Гансу оставался всего квартал до гостиницы, когда начался зябкий дождь, вымывший весь цвет из огней, только что зажженных на Бродвее. Светлые глаза Ганса задержались на вывеске «Колтон–Армз». Он сунул ноты под пальто и поспешил дальше. С трудом отдышался в тусклом мраморном вестибюле. Ноты помялись.
Ганс неопределенно улыбнулся лицу напротив.
— На этот раз — третий этаж.
Всегда видно, что думает лифтер о постоянных жильцах гостиницы. Когда выходят те, кто пользуется особым его уважением, он еще мгновение, услужливо изогнувшись, придерживает дверь. Гансу пришлось слегка отпрыгнуть, чтобы скользящие двери не укусили за пятки.
Польди…
Ганс нерешительно остановился в сумрачном коридоре. В другом конце звучала виолончель — последовательность нисходящих фраз, что в беспорядке сталкивались друг с другом — точно горсть стеклянных шариков, скачущих по лестнице. Дойдя до комнаты, откуда доносилась музыка, он остановился перед дверью. К ней была прикноплена бумажка с шаткими буквами.
Польди Кляйн Просьба не беспокоить во время репетиций
Ему вспомнилось, что в первый раз, когда он это увидел, в слове «репетиций» перед «ций» стояло «ва».
Похоже, почти не топили; складки пальто отдавали влагой, от них слегка веяло холодом. Он присел возле чуть теплой батареи у окна — не помогло.
Польди — я так долго ждал. Множество раз бродил снаружи, дожидаясь, пока вы закончите, и обдумывал слова, которые хочу вам сказать. Gott[1] Такая красивая — как стихотворение, как песня Шумана. Как‑нибудь так начать. Польди…
Рука поползла по ржавому металлу. Теплая — она всегда теплая. Если ее обнять, он, наверное, язык проглотит.
Ганс, ты же знаешь, другие для меня ничего не значат. Джозеф, Николай, Гарри — все знакомые парни. И этот Курт — всего три раза, не может быть, — ну, я о нем рассказывала на той неделе — пфф! все они ничто.

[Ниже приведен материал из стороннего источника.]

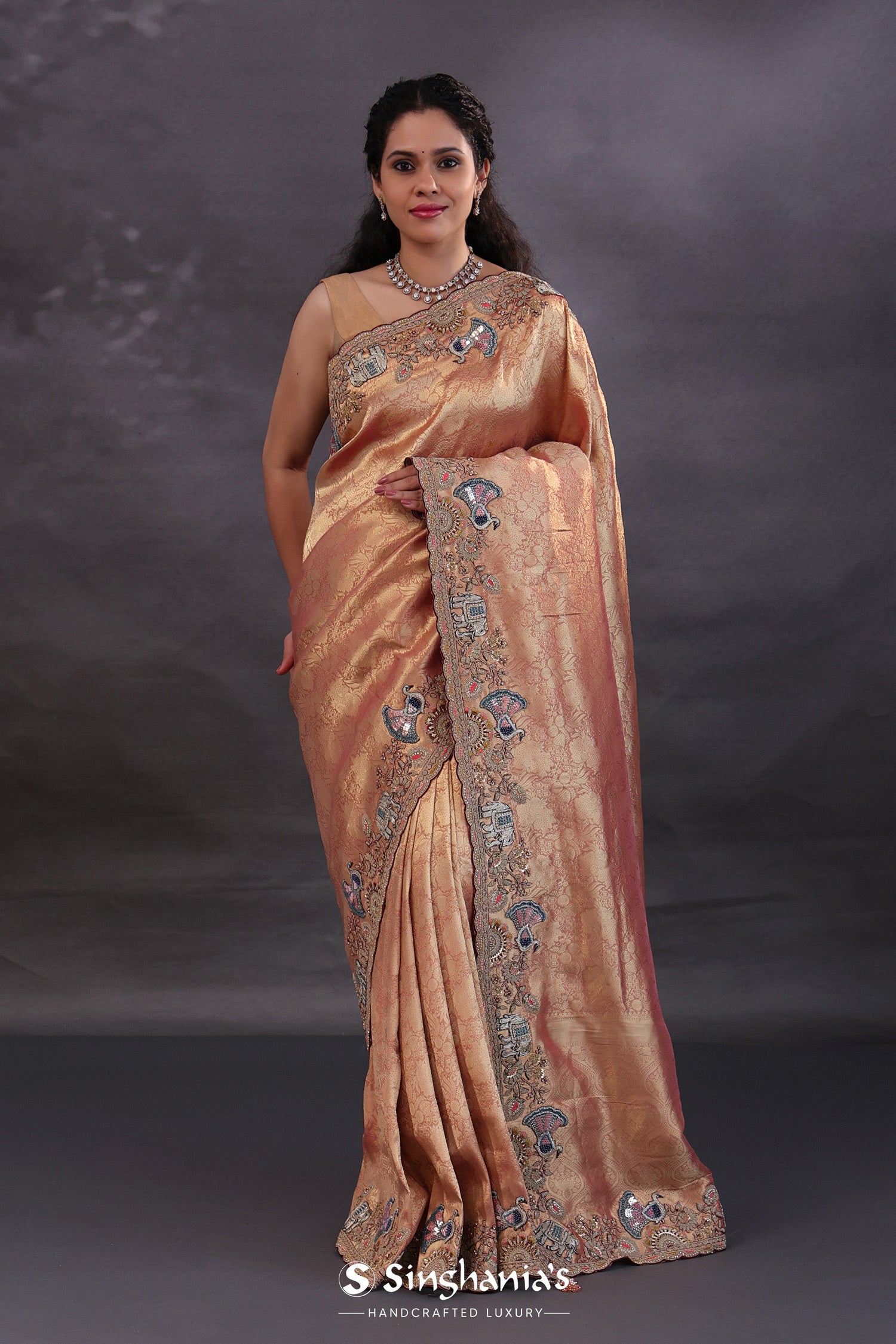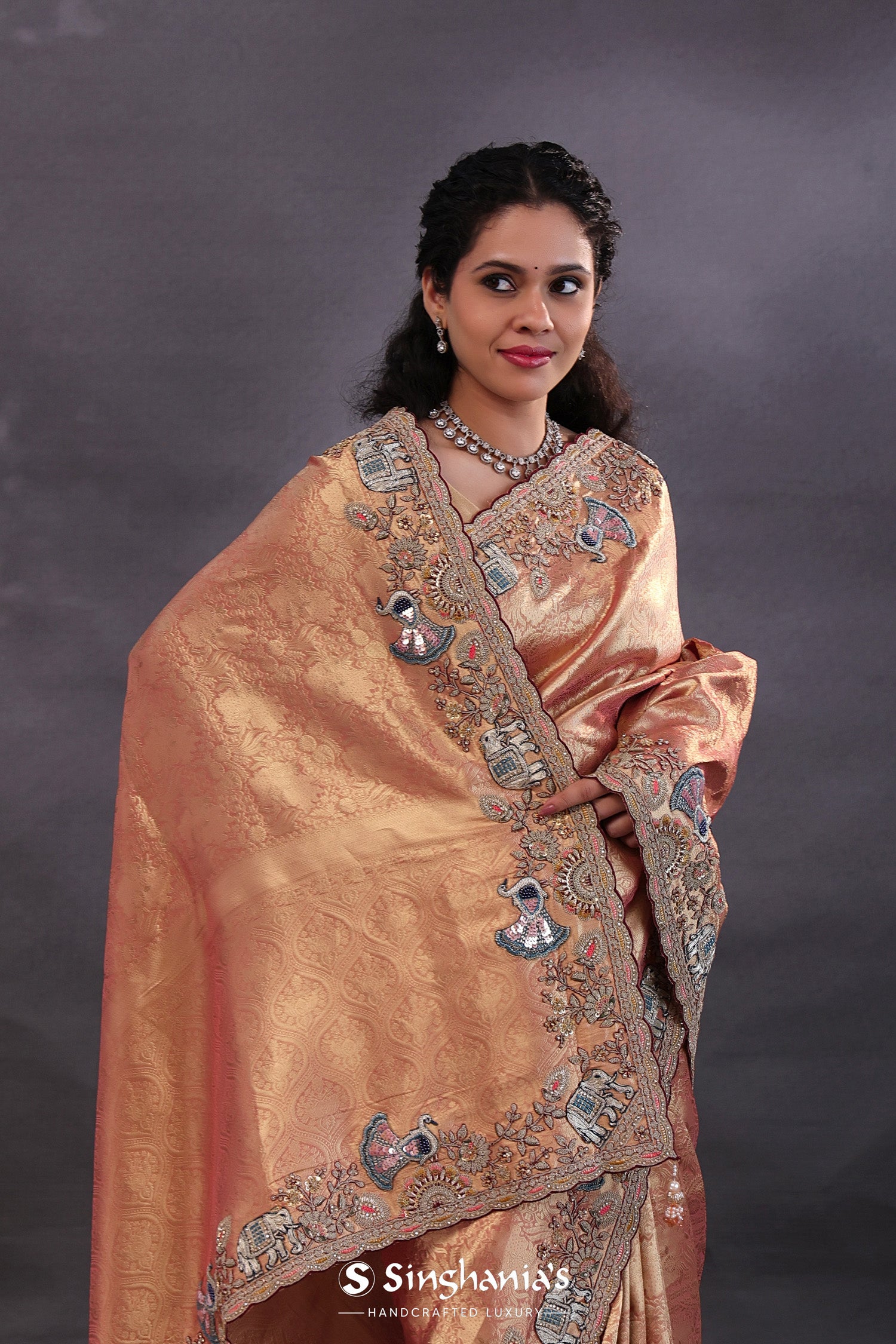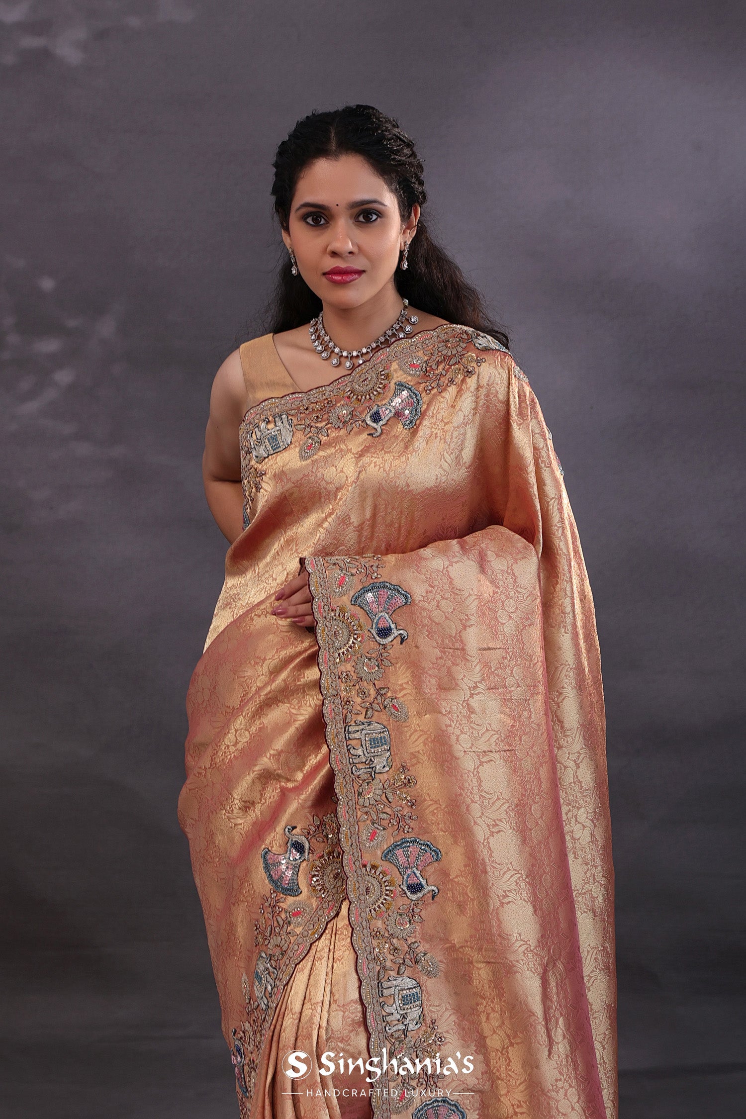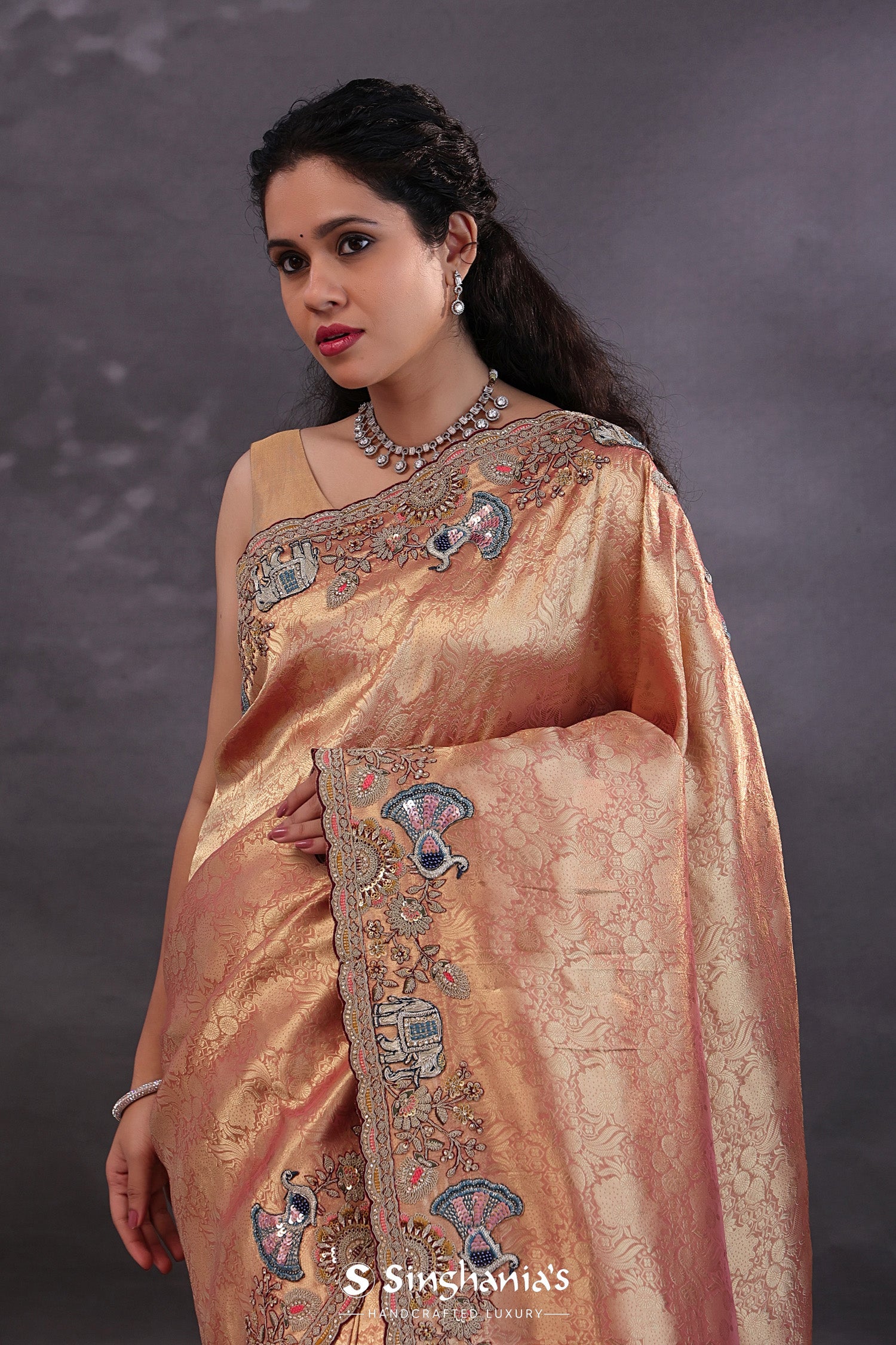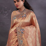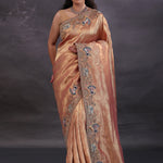 The pastel pink Banarasi tissue saree with scallop border along with floral zari self design work for an amazing look.

До него дошло, что руки его мнут ноты. Он опустил глаза: аляповатая обложка вымокла и расплылась, хотя листы внутри не пострадали. Дешевка. Ох, ладно --
Он прошелся по коридору, потирая прыщавый лоб. Виолончель застонала еще выше в невнятном арпеджио. Этот концерт — Кастельнуово–Тедеско[2]— долго она еще будет репетировать? Он на секунду остановился и потянулся к дверной ручке. Нет, в тот раз он вошел, а она посмотрела — посмотрела и произнесла…
Музыка буйно раскачивалась в мозгу. Пальцы подергивались, будто он аранжировал оркестровую партитуру для фортепиано. Вот сейчас она должна наклониться, руки скользят по грифу.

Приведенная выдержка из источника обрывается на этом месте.